The patent breadth instrument is formalized as a “non-infringing inventive step” (NIS) requirement B >= 1: a new idea must deliver a productivity at least B times the current patent-holder’s productivity to qualify for a patent. Raising B creates two opposing forces. The “profit effect” extends incumbent monopoly duration by reducing the hazard rate of supersession (from lambdavL to lambdavLB^{-theta}), raising innovation incentives. The “hurdle effect” raises the bar an idea must clear to be patentable, reducing the expected return to R&D. These forces generate a non-monotonic (inverted-U) relationship between R&D effort and B (Proposition 2): there is a unique B_v that maximizes the innovation rate, with dv/dB > 0 for B < B_v and dv/dB < 0 for B_v < B < B_0 (the upper bound beyond which no R&D occurs). Explicitly, B_v = [lambdaL / (rho*(theta-1))]^{1/theta}. Proposition 3 further establishes that in economies whose innovative capacity falls just below the threshold for positive growth at B=1, a well-chosen NIS can shift the economy from a zero-growth to a positive-growth steady state.

The welfare-maximizing breadth B_w is shown to be unique, binding (B_w > 1), and strictly below B_v (Proposition 4 and 5). The welfare optimum trades off the dynamic gain from greater innovation against the static consumer surplus loss from higher markup power. Because the dynamic gain is still positive when B < B_v (R&D is still rising) but the static loss grows continuously in B, the welfare maximum necessarily occurs in the region where research is still increasing — i.e., B_w < B_v.

Numerically, at baseline parameters (rho = 0.07, theta = 4, lambdaL = 1), B_w = 1.14 and the equilibrium R&D share is v(B_w) = 0.22, implying an asymptotic maximum real wage growth rate of 4.8%. The optimal breadth is most sensitive to theta (Pareto tail thickness) and less sensitive to rho and lambdaL.

When patent length (Omega) is added as a second instrument, the model yields a sharp result: the welfare-maximizing policy sets Omega → infinity together with B = B_w (Proposition 6). Unlike patent breadth, patent length has no hurdle effect — a longer patent duration raises R&D monotonically (dv/dOmega > 0, Lemma 2). With no diminishing returns to innovation effort in this model (the Poisson arrival rate is proportional to vL), the marginal dynamic gain from extending Omega always strictly outweighs the marginal static loss, so infinite patent length is always superior to any finite length. With Omega = 20 years (the TRIPS standard), the baseline calibration implies B_w = 1.13 and v(B_w) = 0.21 — only slightly below the infinite-length benchmark — suggesting the qualitative infinite-length result has limited quantitative bite for realistic patent durations.
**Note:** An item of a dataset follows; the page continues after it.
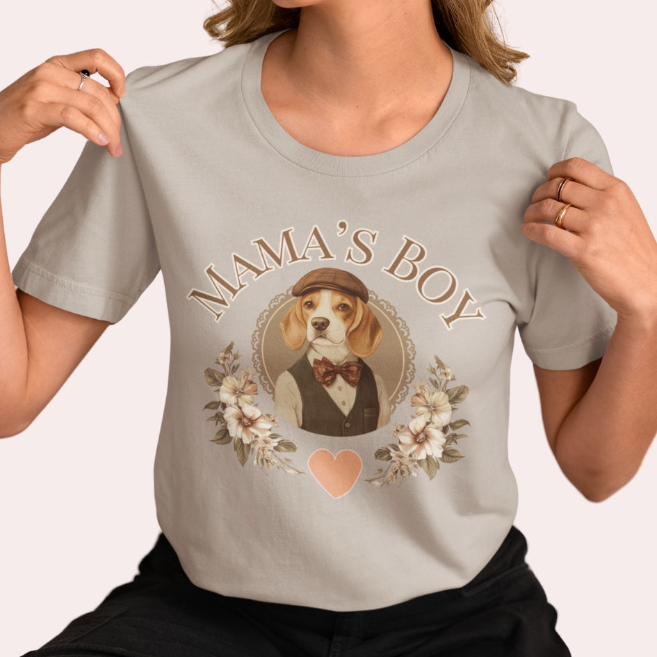 Designed for the Beagle moms who adore their little boys like family. This exclusive tee features a hand-crafted vintage-style illustration, capturing the elegance and charm of your pampered pup — complete with florals, lace, and that unmistakable “Mama’s Boy” bond.

Proposition 7 shows that patent breadth and patent length are policy complements: when patent length is exogenously constrained to a finite value, the welfare-maximizing breadth increases in Omega (dB_w/dOmega > 0). Intuitively, a shorter patent duration weakens innovation incentives, so the optimal NIS compensates by providing stronger breadth protection.

The paper provides a unified rationalization of several empirical puzzles: the weak or negative relationship between patent strength and innovation rates (Sakakibara-Branstetter 2001 on Japan; Bessen-Maskin 2009 on US software) is consistent with B being set above B_v, where the hurdle effect dominates; the causal evidence in Galasso-Schankerman (2014) that patents impede cumulative knowledge accumulation is consistent with the hurdle effect operating at the margin.

Layer 2: Deep Dive

What is the identification strategy, and is this a theoretical or empirical paper?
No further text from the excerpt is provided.